Highlights & Insights

  • The "frozen backbone + dynamic prompt" design philosophy is elegant: the majority of parameters provide stable representational capacity, while a small number of parameters (only 2 prompt tokens) provide per-instance flexibility. This architectural division of responsibility is more efficient and stable than full model fine-tuning or full-parameter test-time adaptation.
  • Test-time token tuning requires only 2 optimization steps over 6 views, suggesting that the signal for domain shift is strong and that fine-tuning the decision boundary does not require extensive iteration—an important property for controlling inference latency in practical deployment.

Limitations & Future Work

  • Test-time tuning introduces additional inference latency (requiring multiple forward passes and gradient backpropagation), which may be prohibitive for real-time detection scenarios.
  • Using DCT to select a single texture-rich patch for conditional information extraction may overlook forgery cues in other image regions.
  • The current framework only addresses binary classification (real/fake) and has not been extended to generator attribution tasks.
  • vs.

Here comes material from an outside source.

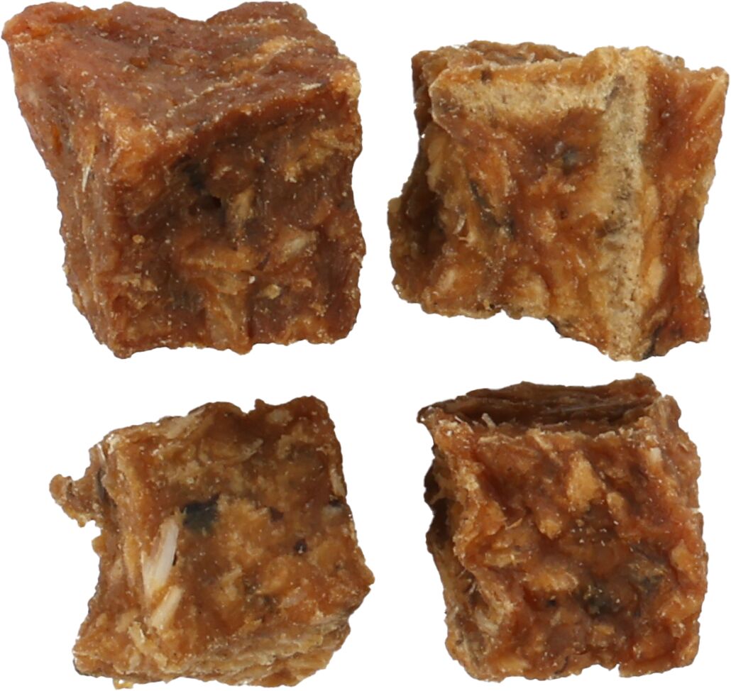 Hapki priboljški za pse kocke s trsko in lososom 75g Flamingo-Razvajajte svojega kosmatega prijatelja s temi okusnimi kockami Nature Snack s trsko in lososom! Brez glutena, brez sladkorja in polne omega 3 in 6 maščobnih kislin za sijočo dlako in srečno srce.
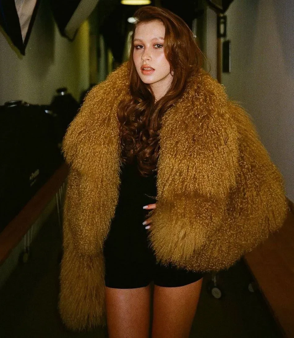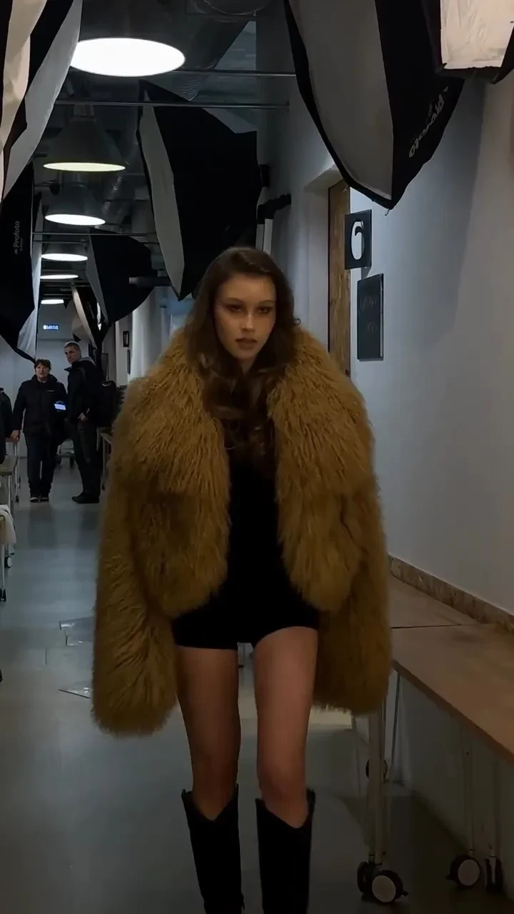 Анна позировала в чёрном комбинезоне, поверх которого надела укороченную шубу. Образ она дополнила высокими сапогами.

C2P-CLIP / FatFormer: These methods fix all parameters after training, whereas IAPL dynamically adjusts prompts at inference time, yielding a 3–4% improvement in generalization.
  • vs. TPT (Test Prompt Tuning): IAPL extends and upgrades TPT for the forgery detection domain by incorporating the Conditional Information Learner as a supplementary channel, providing low-level forgery cues that CLIP alone cannot capture.

Rating

  • Novelty: ⭐⭐⭐⭐ The dual-pathway dynamic prompt design combining conditional information and test-time token tuning is novel.
  • Experimental Thoroughness: ⭐⭐⭐⭐ Evaluated on two standard benchmarks with comprehensive ablations and convincing T-SNE visualizations.
  • Writing Quality: ⭐⭐⭐⭐ Pipeline diagrams are clear and mathematical notation is rigorous.
  • Value: ⭐⭐⭐⭐ Highly practical given the growing importance of AI-generated content detection.